Sometimes however the sadness hits you right between the eyes. You cannot duck because it comes out of nowhere and you are temporarily trapped with the all consuming grief. Yesterday we were at her best friend's birthday party with twelve other beautiful twirling girls and I really felt her difference. The party was perfectly pitched and Chloe enjoyed herself but there was no doubt she needed me there with her. The fantastic, darkened disco room complete with flashing lights and loud music was a little girls dream-  just not my little girl. She was on my lap having a cuddle and trying to adjust to her surroundings while I held on to her and held back the tears.
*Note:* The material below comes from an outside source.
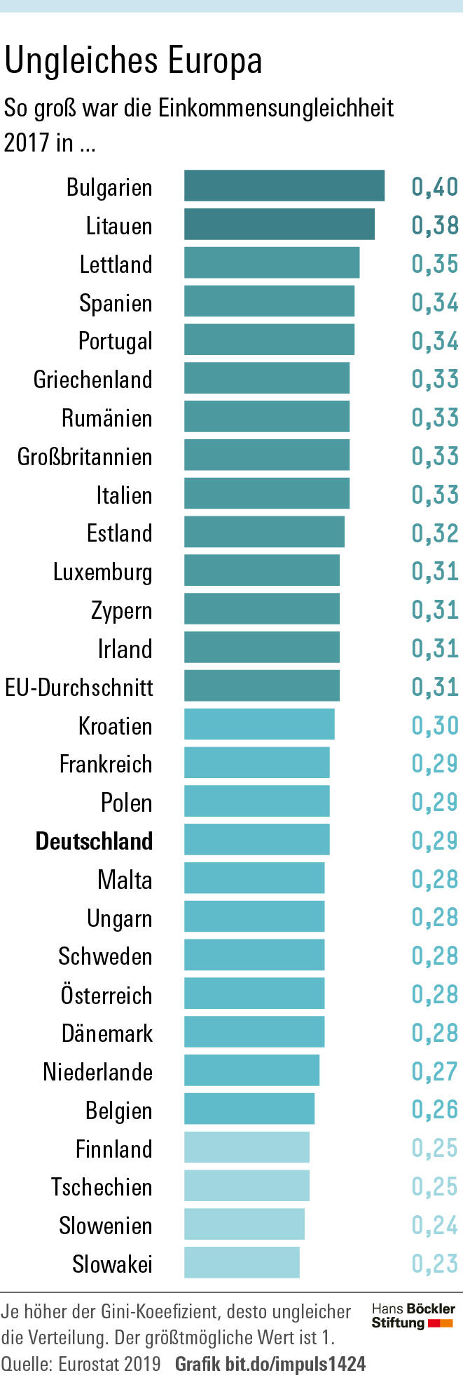 Im europäischen Vergleich liegt Deutschland bei der Einkommensungleichheit knapp unter dem EU-Durchschnitt. Größer ist die Ungleichheit der verfügbaren Haushaltseinkommen in Süd- und Osteuropa, geringer in den meisten nordeuropäischen Ländern.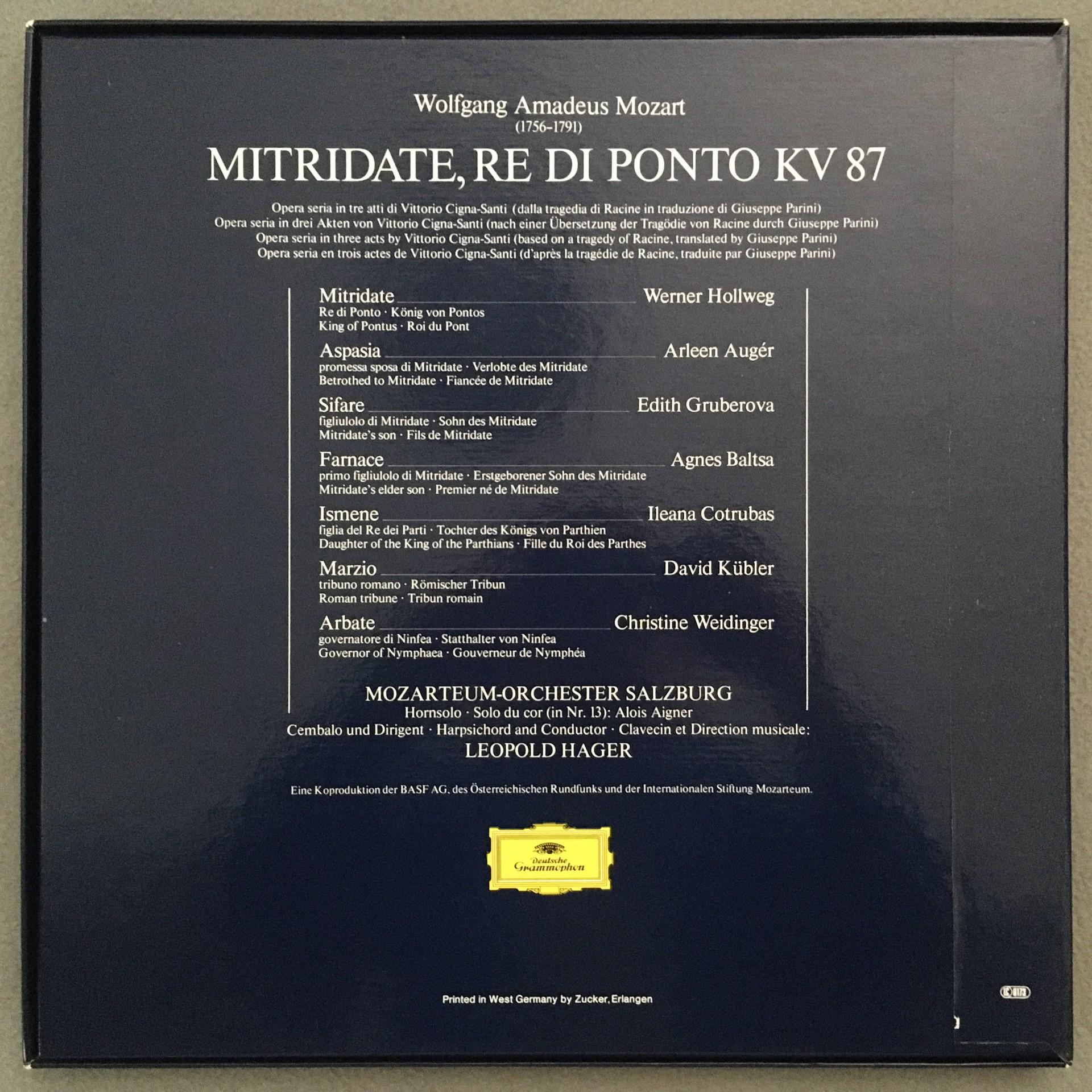D636 Mozart Mitridate Re Di Ponto Baltsa Auger Hager 4LP DGG 2740 180 Stereo

The fact is it was a lovely party and Chloe's friends did look after her. The hostess was kind and thoughtful to her and as we left told Chloe a party wouldn't be a party without her there. What an absolutely gorgeous thing to say and it made her day. Unfortunately there was no getting away from the fact I had a very big wobble.
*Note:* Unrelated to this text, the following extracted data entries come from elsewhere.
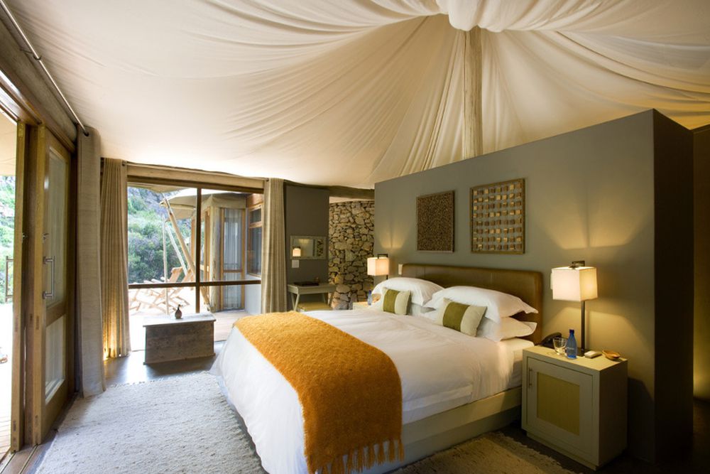 Il existe 54 lodges exclusifs dans la réserve exempte de paludisme sur 54 000 acres. Le lodge dispose également d'un bar confortable et d'un salon avec cheminée, télévision et coin repas. Sur demande, vous pourrez également prendre soin de vous dans le petit espace spa. Les tentes ont leur propre petite piscine, salle de bains avec douche extérieure et intérieure, minibar, cafetière et théière, coffre-fort et climatisation.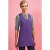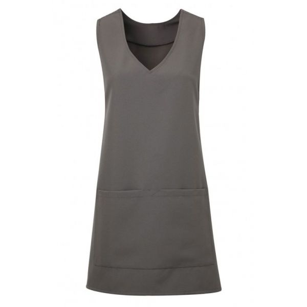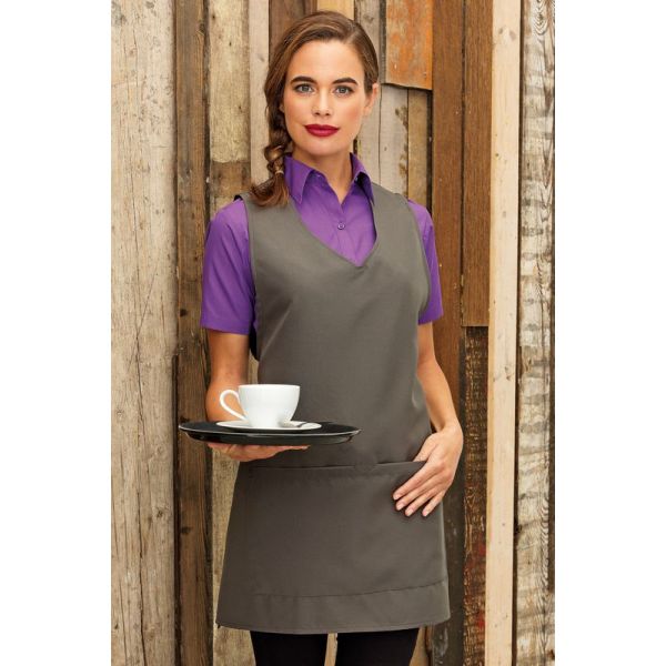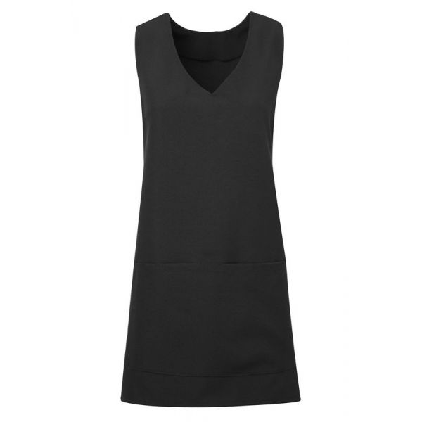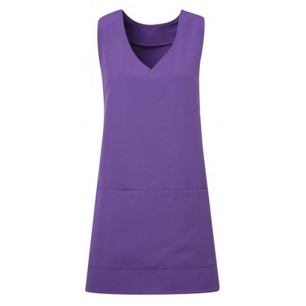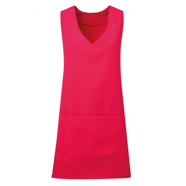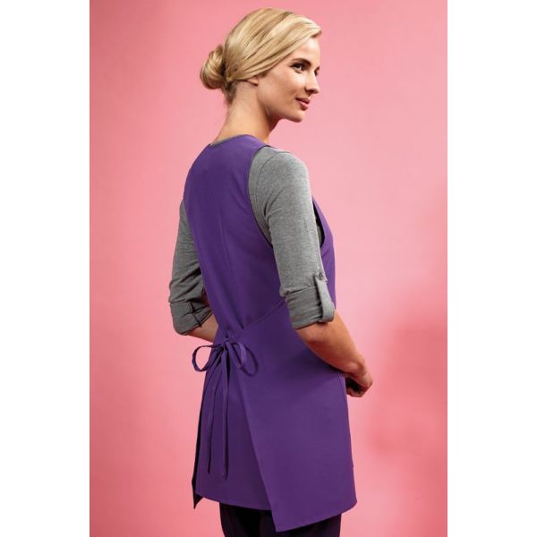 V-aukkoinen, pään yli puettava malli. Sidotaan nauhoilla etukappaleelta taakse. Tunikan etupuolella tasku.
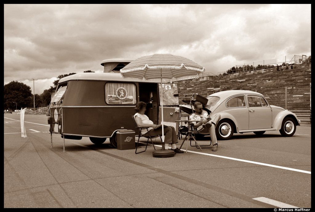 Fast wie in alten Zeiten... Dieser Wohnanhänger und VW-Käfer standen am 8. Juli 2012 beim Käfertreffen an der Steintribüne in Nürnberg. Das Bild wurde von mir etwas "gealtert". Eindrucksvoll waren die ganzen vielen kleinen Details, zum Beispiel: der kleine Radio auf dem Tisch oder die Geschirrtücher die hinten zum Trocknen aufgehängt sind.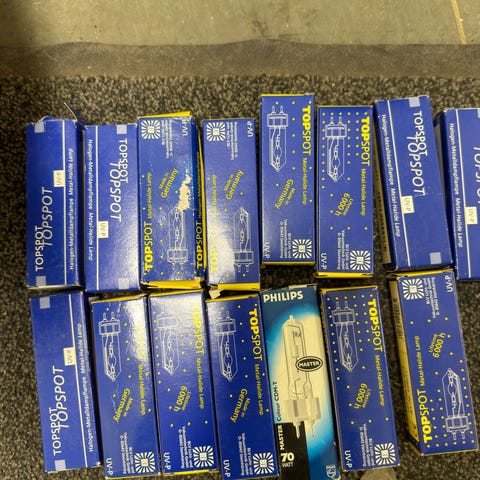 Osram HQI-TS 500W metallhalogenpærer. Egner seg for bruk i armaturer som er tilpasset HQI-TS metallhalogenlamper med effekt på 500 watt. Pærene gir kraftig belysning og brukes ofte i større rom, industri, utendørsanlegg eller andre installasjoner som krever høy lysstyrke. Selges som avbildet på bildet.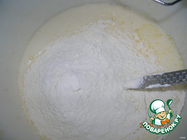 Добавляем растопленное сливочное масло, сметану, просеянную муку, разрыхлитель, ром. Тщательно перемешиваем.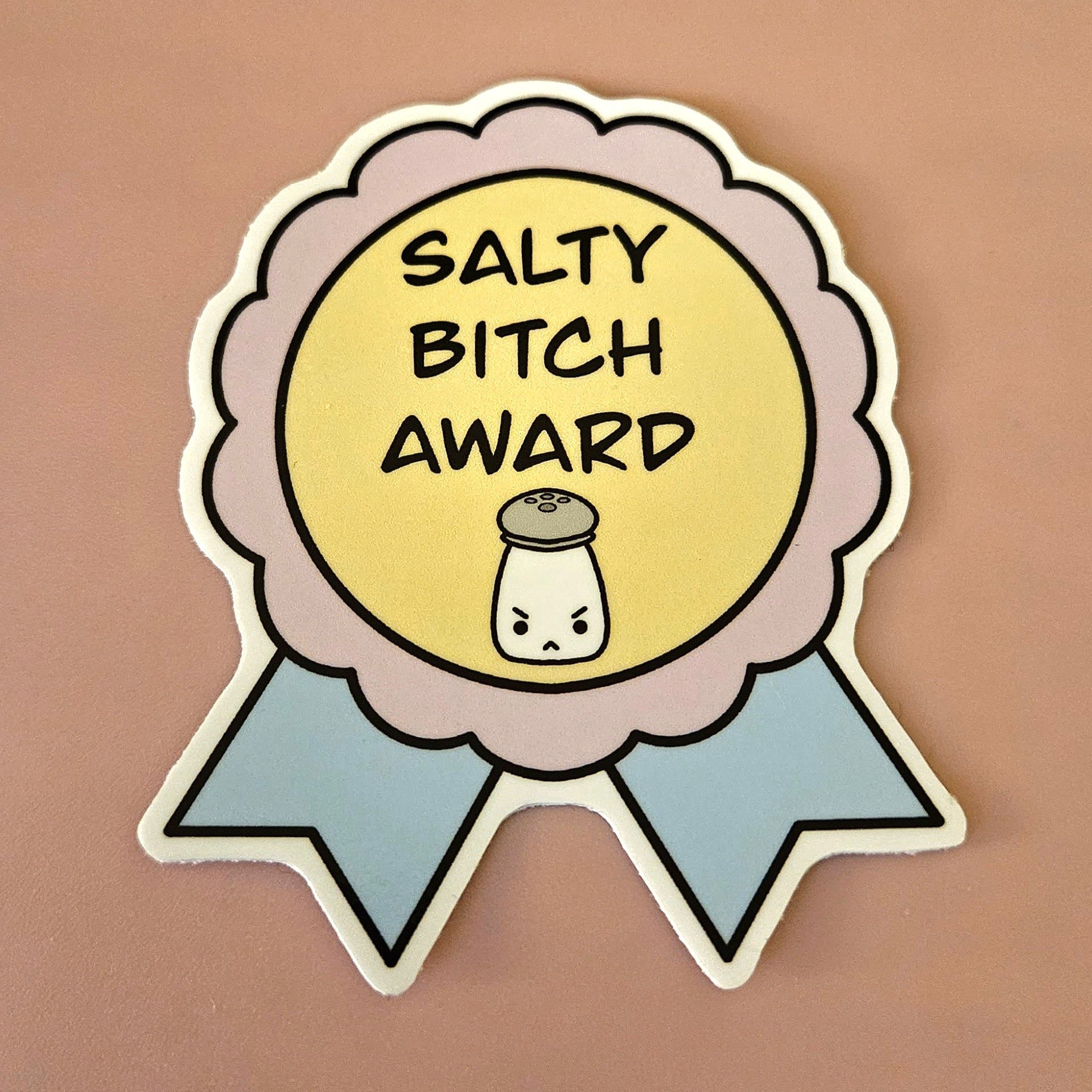 Salty Bitch Award! This vinyl sticker is heavy duty waterproof! It is perfect for water bottles, notebooks, laptop, cases, etc!

We got back home after seeking sanctury at another friend's house. I then preceeded to shout at my poor husband in a vain attempt to help me feel better. When this didn't work I got into bed and
howled. I let go of all the every day things that hurt but I try and brush aside. The way people stare at Chloe as she walks with her long cane and the occasional quiet and not so quiet conversation about  the blind child. How she wants to give everyone a hug and can't tell when her peers don't like it.  The scooters that rush past us on the way to school and give her a fright. The way she tries to run after her friends and loses them. The fact she finds eating so difficult in a noisy environment. How she works hard to interpret sound through her implants and can't tell us yet when her batteries have run out. The knowledge that she is embarrassed when she doesn't know who her friends are and sometimes is ashamed she can't see very well.
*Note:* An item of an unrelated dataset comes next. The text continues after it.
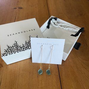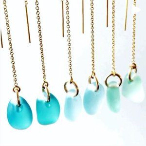 Brand new, in box. Sea And Glass - Sea Glass Threader Earrings - 14K Gold Fill - Ocean Blues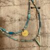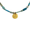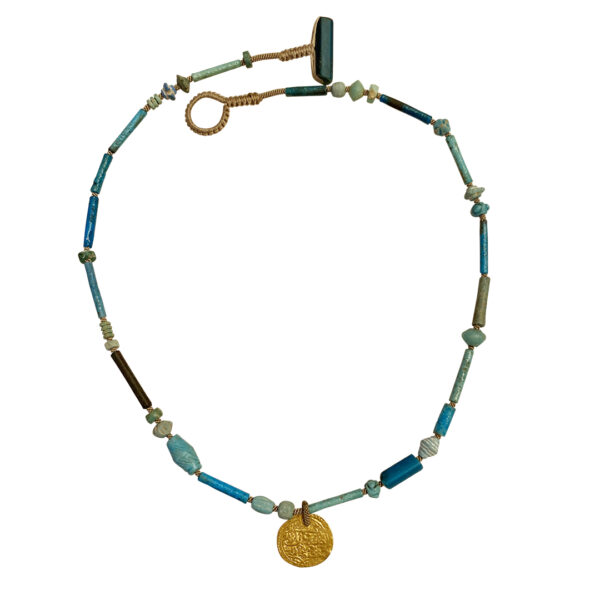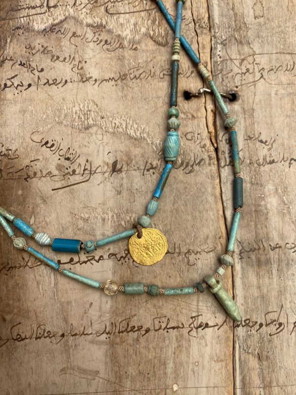 Stunning Egyptian blue faience beads and a gorgeous gold Islamic coin, c. 17th century, delicately spaced with our very finest hand woven cord.

So I sobbed for a couple of hours, posted on Facebook and received some very supportive comments.
I made a promise to myself that I would adjust my Super Mummy cape as it had definitely slipped and put my armour back on. Chloe had no idea that I was sad. My biggest wish is for my daughter to carry on being the amazing, extraordinary, brilliant, happy little girl that she is. Life has more barriers for her, it is unfair but I want to give her the strength and confidence to feel anything is possible. So tonight this Super Mummy is very tired but I am ready to fight another day.

Sunday, 2 March 2014

A rare child with an inspiring story

I have been meaning to start this blog for ages, but for some reason kept putting it off. On Friday it was rare disease day and this has spurred me on. My little girl is as rare as they come. Born deaf and blind as our geneticist pointed out both her sensory losses couldn't really have been more severe. Thankfully she doesn't have any other cognitive or health issues and she has found a way of being in this world which takes my breath away. We couldn't imagine in that hellish first year that our daughter would have a particularly fulling future. How would she be able to communicate without her hearing or vision?
We have had an army of people helping us from the NHS, social services and education. Five years later thanks to cochlear implants which have given her access to sound we cannot stop her talking. It's just incredible. She has some limited functional vision and she is a pretty competent long cane user. She reads and writes using Braille and has specialist support workers in school. It's not easy for her, she has to work so so hard to be alongside her peers but she is holding her own in main stream school with an army of friends who love and admire her as much as I do.
I plan to let you in on our world. Tell you about her triumphs and tragedies and how I negotiate my way as her Mum. Having Chloe has changed my life in so many ways. I wish sometimes with all my heart that she could see and hear like other children. But I wouldn't be without her despite the excruciating pain that comes with having a disabled child. She is the most warm, loving, generous, stroppy, determined and quite simply hilarious child one could wish for. She makes people smile from their bellies and I hope by sharing snippets of our life you will too.